On or about this day in 1796,William Henry Ireland published in London An Authentic Account of the Shakspeare Manuscripts, in which he confessed the sensational forgery of several Shakespeare manuscripts. Ireland wrote:

“I solemnly declare first, that my father was perfectly unacquainted with the whole affair, believing the papers most firmly the productions of Shakspeare. Secondly, that I am myself both the author and writer, and had no aid from any soul living, and that I should never have gone so far, but the world praised the papers so much and therefore flattered my vanity.”

Ireland, the son of a rare book dealer with a special interest in Shakespeare, had accompanied his father on a trip to Stratford-on-Avon in 1794, where he met John Jordan, who had admitted forging the last will of Shakespeare’s father. The young man, just seventeen years of age, became curious about Jordan’s methods. This forgery so excited his interest that he proceeded, primarily to please his father, to “discover” a number of lost Shakespeare documents, in the form of the actor’s contracts, letters, and notes. His imitation of Shakespeare’s calligraphy was close enough that the foremost bibliophiles and scholars in London accepted them as true copies.

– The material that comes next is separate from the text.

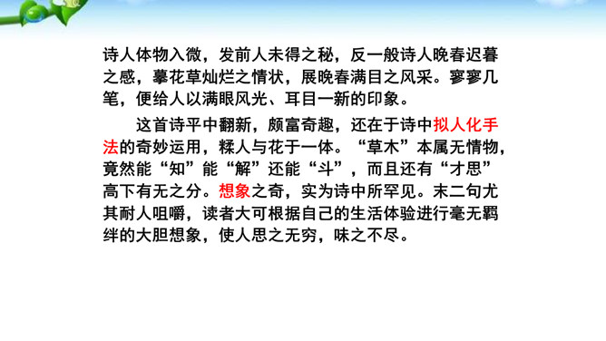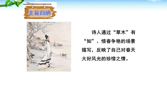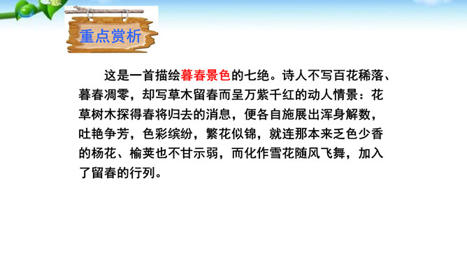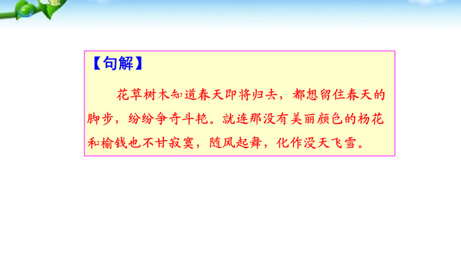 这是一首描绘暮春景色的七绝。诗人不写百花稀落、暮春凋零,却写草木留春而呈万紫千红的动人情景:花草树木探得春将归去的消息,便各自施展出浑身解数,吐艳争芳,色彩缤纷,繁花似锦,就连那本来乏色少香的杨花、榆荚也不甘示弱,而化作雪花随风飞舞,加入了留春的行列。诗人体物入微,发前人未得之秘,反一般诗人晚春迟暮之感,摹花草灿烂之情状,展晚春满目之风采。寥寥几笔,便给人以满眼风光、耳目一新的印象。所属专题:晚春ppt。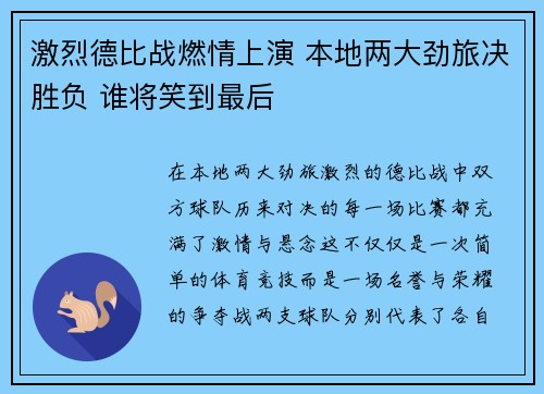 在本地两大劲旅激烈的德比战中,双方球队历...

Ireland was so delighted with the results of his forgeries that he even wrote a complete play, entitled Vortigern and Rowena, which was actually performed in the Drury Lane Theatre on April 2, 1796.The London drama critics were considerably more astute than the bibliophiles, with the result that the pseudo-Shakespeare was quickly uncovered. In 1805, Ireland wrote his Confessions, in which he related his methods in duping the experts.

“It became necessary,” he wrote, “that I should possess a sufficient quantity of old paper to enable me to proceed; in consequence of which I applied to a bookseller named Verey, in Great May’s buildings, St. Martin’s Lane, who, for the sum of five shillings, suffered me to take from all the folio and quarto volumes in his shop the fly-leaves which they contained. . . . As I was fully aware, from the variety of watermarks which are in existence at the present day, that they must have constantly been altered since the period of Elizabeth, and being for some time wholly unacquainted with the watermarks of that age, I very carefully produced my first specimens of the writing on such sheets of old paper as had no watermark whatever. Having heard it frequently stated that such marks on paper would have greatly tended to establish their validity, I listened attentively to every remark which was made upon the subject, and from thence I at length gleaned the intelligence that a jug was the prevalent watermark of the reign of Elizabeth: in consequence of which I inspected all the sheets of old paper then in my possession; and having selected such as had the jug upon them, I produced the succeeding manuscripts upon these; being careful, however, to mingle with them a certain number of blank leaves, that the production on a sudden of so many watermarks might excite suspicion in the breasts of those persons who were most conversant with the manuscripts.”